1 The French title of Genet's novel is Notre‐Dame des Fleurs. It is very reluctantly that I quote throughout in English, since much of Genet's genius is in his language, but given the difficulty, even now, of acquiring Genet's works in French, and the relative facility of buying them in English paperback editions (The Miracle of the Rose and The Thief's Journal are currently available in Penguin Modern Classics, Querelle of Brest and Our Lady of the Flowers in Panther Fiction), it seemed the only realistic solution. It is perhaps also appropriate to point out here that I have included examples of the use of the word ‘saint’ where the word occurs in the original French, even if it is translated by the English ‘holy’. For example the sentence ‘Divine est morte sainte et assassinée—par la phtisie’ (Oeuvres Complètes, II, 14), which is translated ‘Divine died holy and murdered—by consumption’ (Panther, p. 60).
2 A note on pronouns! When Genet refers to his character as Divine he always uses the feminine forms. When he refers to ‘her’ as Louis Culafroy, however, he uses the masculine. The translation follows this procedure, and I have done likewise. The references to Louis Culafroy are exclusively concerned with the character's childhood.
3 All references to Panther Fiction edition.
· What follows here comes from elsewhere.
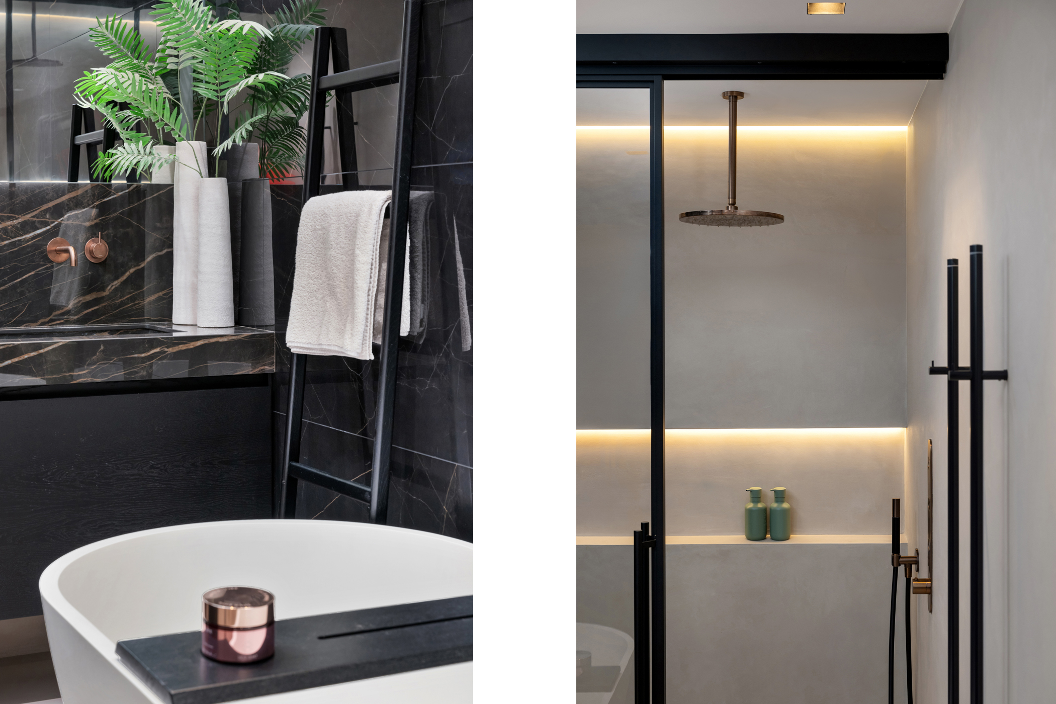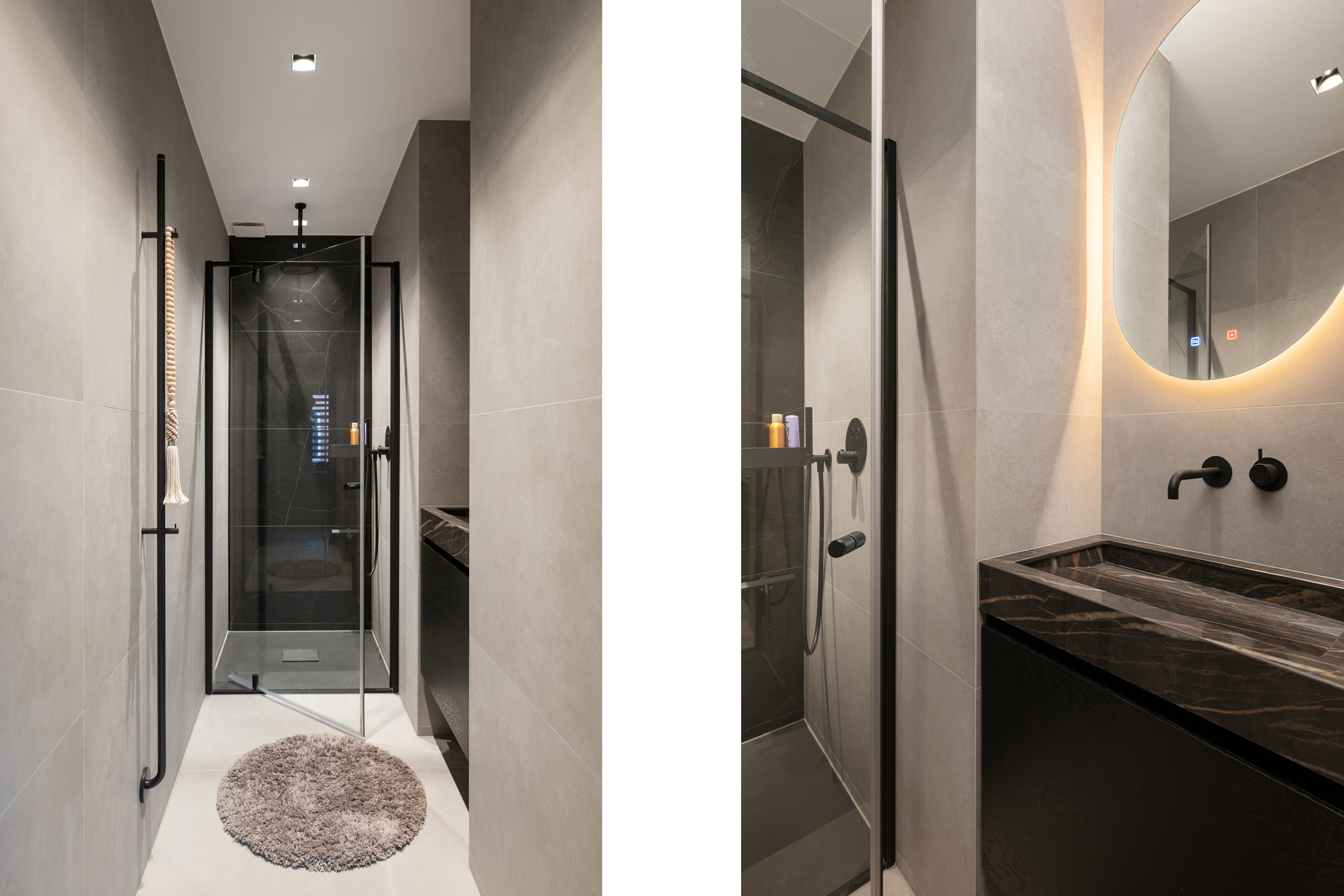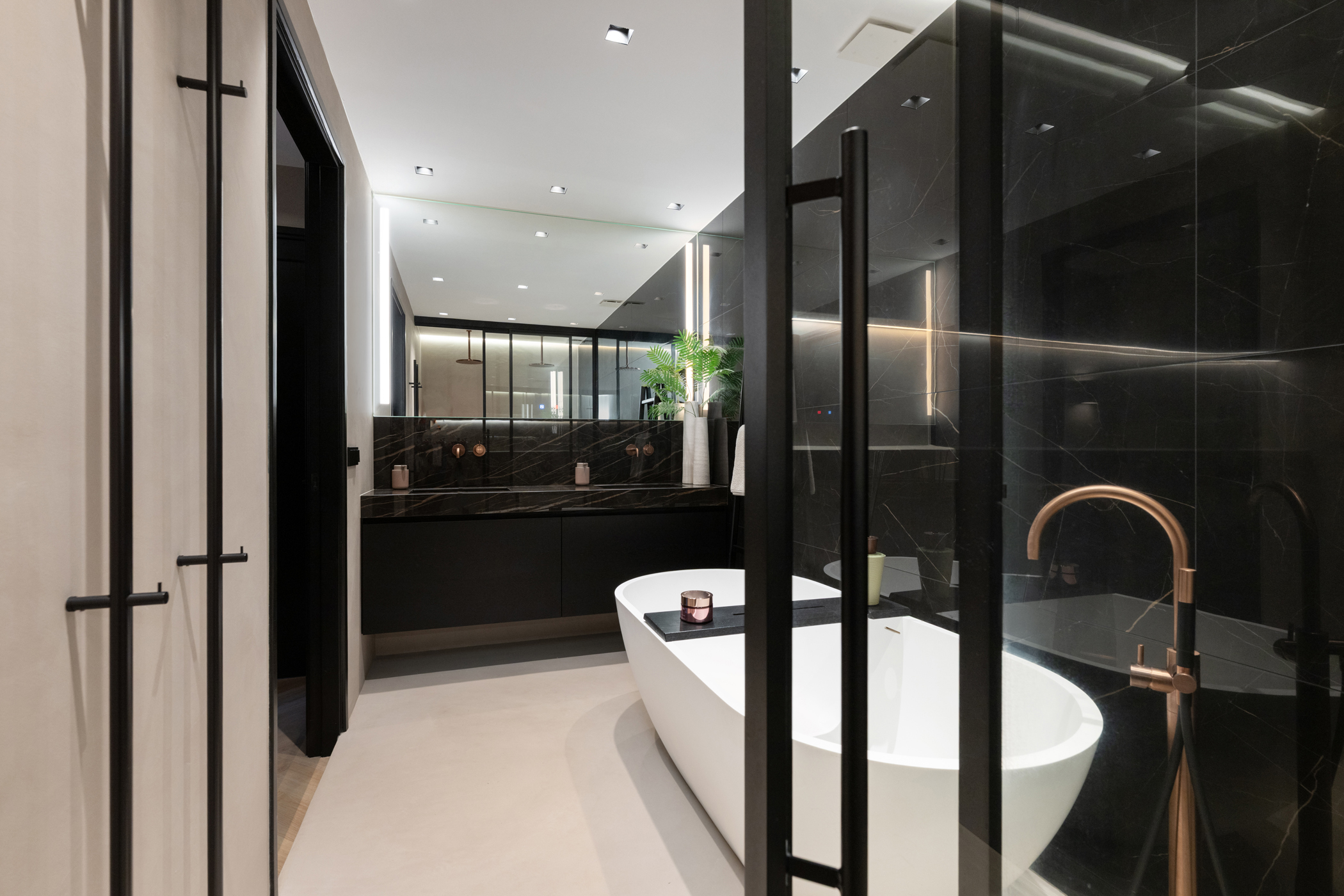 The luxurious bathroom is a true wellness space and includes a double walk-in shower, bathtub, double washbasin, mirror with lighting and heating, electric towel warmers and underfloor heating.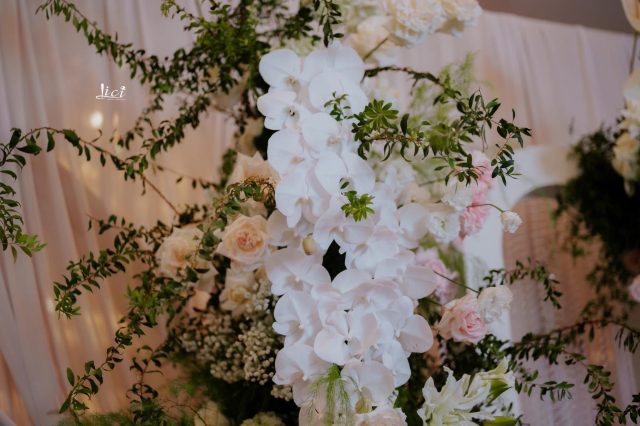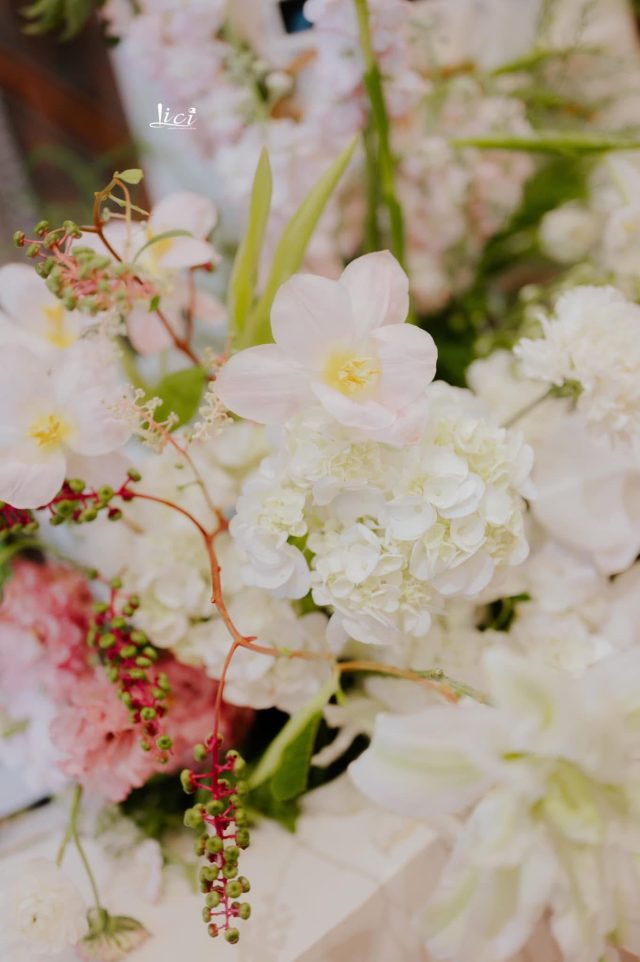 Điều khiến không gian này trở nên đặc biệt không chỉ nằm ở tone màu trắng thuần túy, mà còn ở cách các chi tiết được sắp đặt theo từng tầng, từng lớp. Như thể bạn đang lạc vào khu vườn địa đàng, nơi mỗi bước chân đều mang đến một trải nghiệm thị giác mới mẻ.

4 This whole question is very problematic, but in the long final meditation entitled ‘The saintliness of Divine’, beginning on p. 274, God and Genet are clearly synonymous. Divine is obviously a sufficiently convincing character, in whose existence we believe, for it to be inconceivable for her to refer to her destiny being in the hands of ‘her author’, for example, and so it is with God that she generally concerns herself. There is no doubt however that the creator of her destiny is Genet, who says of this character: ‘I want … to refashion in my own way, and for the enchantment of my cell … the story of Divine’ (p. 59–60). There is also a whole allegory of free will and predestination to be drawn from this section, but for the purposes of this article it is perhaps enough to say that Genet has ultimate power over a character who believes she is free—Genet finally gives to Divine the destiny that was planned for her, although she believed she was fighting against it.
5 This massive essay forms Volume I of Genet's Oeuvres Complètes. Sections are reproduced in translation as an introduction to the Panther Fiction edition, pp. 9–52.